Idiopathic Interstitial Pneumonia Associated With Autoantibodies: A Large Case Series Followed Over 1 Year

Background Some patients with autoimmune characteristics and idiopathic interstitial pneumonia, particularly usual interstitial pneumonia (UIP), do not fit neatly into the category of connective tissue disease-associated interstitial lung disease (CTD-ILD), idiopathic pulmonary fibrosis (IPF), or recently proposed yet to be validated criteria for interstitial pneumonia with autoimmune features (IPAF). Outcomes of these patients are unknown. Methods This was a retrospective single-center study. Analyses of variance compared differences in mean change in FVC and diffusion capacity (Dlco) over 1 year among 124 well-defined patients (20 patients with positive autoantibodies with or without symptoms of connective tissue disease [AI-ILD], 15 patients with IPAF, 36 patients with CTD-ILD, and 53 patients with IPF with negative CTD serologies [Lone-IPF]).

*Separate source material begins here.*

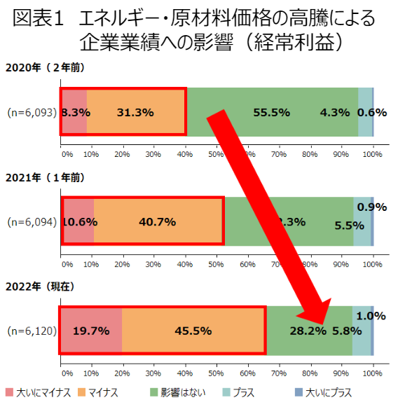徐々に経営を圧迫するほどの影響になりながらも、価格上昇分の50%も価格転嫁できていない状況です。

Results Of the patients, 75% with AI-ILD, 33% with IPAF, and 33% with CTD-ILD had UIP. Initial FVC and Dlco were similarly moderately reduced across groups. Mean change in FVC over 12 months was as follows: −60 mL (IPAF), −110 mL (AI-ILD), −10 mL (CTD-ILD), and −90 mL (Lone-IPF) ( P  = .52). Mean change in Dlco was as follows: 2.39 mL/mm Hg/min (IPAF), −1.15 mL/mm Hg/min (AI-ILD), −0.27 mL/mm Hg/min (CTD-ILD), and −1.05 mL/mm Hg/min (Lone-IPF) ( P P  = .001). Conclusions No clinically significant differences in pulmonary function to distinguish between patients with AI-ILD, IPAF, CTD-ILD, and Lone-IPF were observed after 1 year. Longer periods of follow-up are needed to understand the outcomes of these patients. It is not yet clear whether AI-ILD is a distinct phenotype or a variant of the newly proposed entity IPAF.